Data for analysis

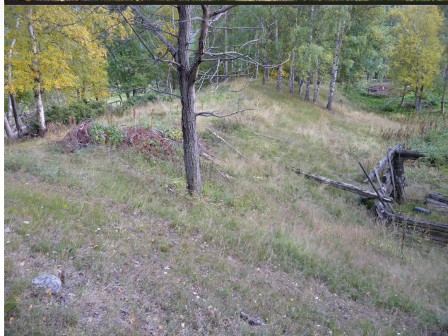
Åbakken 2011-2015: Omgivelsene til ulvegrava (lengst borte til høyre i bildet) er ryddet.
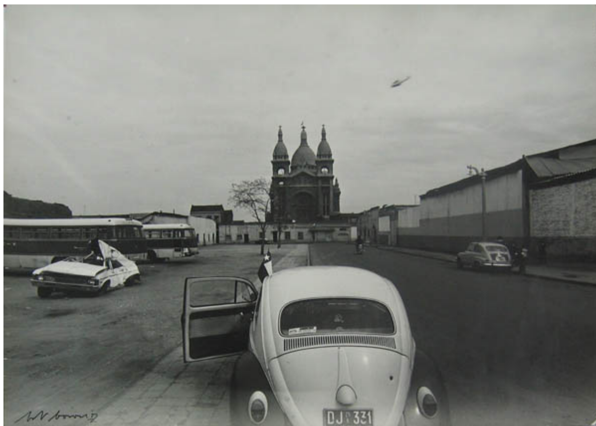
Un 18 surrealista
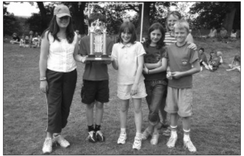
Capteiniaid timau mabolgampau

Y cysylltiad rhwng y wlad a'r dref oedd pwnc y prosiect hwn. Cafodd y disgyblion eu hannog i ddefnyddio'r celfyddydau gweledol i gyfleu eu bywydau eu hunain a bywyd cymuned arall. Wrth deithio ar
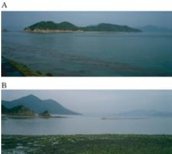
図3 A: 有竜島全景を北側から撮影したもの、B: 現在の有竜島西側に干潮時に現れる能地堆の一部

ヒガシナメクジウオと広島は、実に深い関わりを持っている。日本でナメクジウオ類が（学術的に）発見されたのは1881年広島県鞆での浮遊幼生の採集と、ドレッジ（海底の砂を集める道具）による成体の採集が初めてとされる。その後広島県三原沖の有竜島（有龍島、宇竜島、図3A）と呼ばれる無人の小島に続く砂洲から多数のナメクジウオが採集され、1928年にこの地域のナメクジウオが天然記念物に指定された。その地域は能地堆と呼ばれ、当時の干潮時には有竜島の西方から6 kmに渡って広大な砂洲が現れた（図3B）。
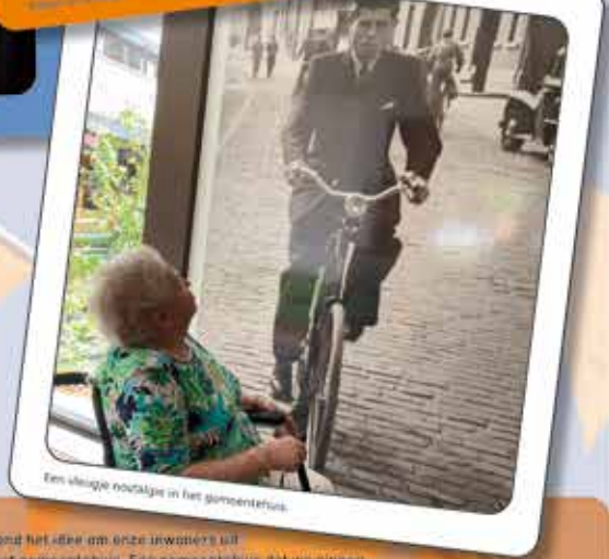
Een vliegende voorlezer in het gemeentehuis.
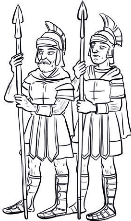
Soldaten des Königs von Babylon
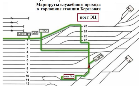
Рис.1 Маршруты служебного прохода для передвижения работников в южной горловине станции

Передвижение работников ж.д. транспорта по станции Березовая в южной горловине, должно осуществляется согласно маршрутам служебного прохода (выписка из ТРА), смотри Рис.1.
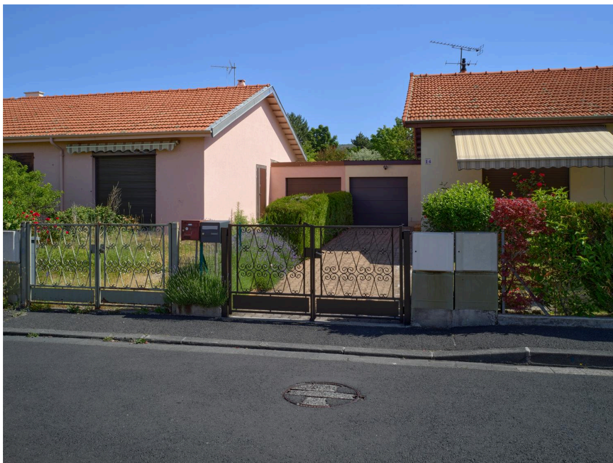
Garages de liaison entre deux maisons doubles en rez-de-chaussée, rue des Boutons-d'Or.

Requirement
Your answer must be the lines from the one containing "Capteiniaid timau mabolgampau" through the last line of the listing above, restated word for word, with no pictures.

Solution to this exercise
Capteiniaid timau mabolgampau

Y cysylltiad rhwng y wlad a'r dref oedd pwnc y prosiect hwn. Cafodd y disgyblion eu hannog i ddefnyddio'r celfyddydau gweledol i gyfleu eu bywydau eu hunain a bywyd cymuned arall. Wrth deithio ar
図3 A: 有竜島全景を北側から撮影したもの、B: 現在の有竜島西側に干潮時に現れる能地堆の一部

ヒガシナメクジウオと広島は、実に深い関わりを持っている。日本でナメクジウオ類が（学術的に）発見されたのは1881年広島県鞆での浮遊幼生の採集と、ドレッジ（海底の砂を集める道具）による成体の採集が初めてとされる。その後広島県三原沖の有竜島（有龍島、宇竜島、図3A）と呼ばれる無人の小島に続く砂洲から多数のナメクジウオが採集され、1928年にこの地域のナメクジウオが天然記念物に指定された。その地域は能地堆と呼ばれ、当時の干潮時には有竜島の西方から6 kmに渡って広大な砂洲が現れた（図3B）。
Een vliegende voorlezer in het gemeentehuis.
Soldaten des Königs von Babylon
Рис.1 Маршруты служебного прохода для передвижения работников в южной горловине станции

Передвижение работников ж.д. транспорта по станции Березовая в южной горловине, должно осуществляется согласно маршрутам служебного прохода (выписка из ТРА), смотри Рис.1.
Garages de liaison entre deux maisons doubles en rez-de-chaussée, rue des Boutons-d'Or.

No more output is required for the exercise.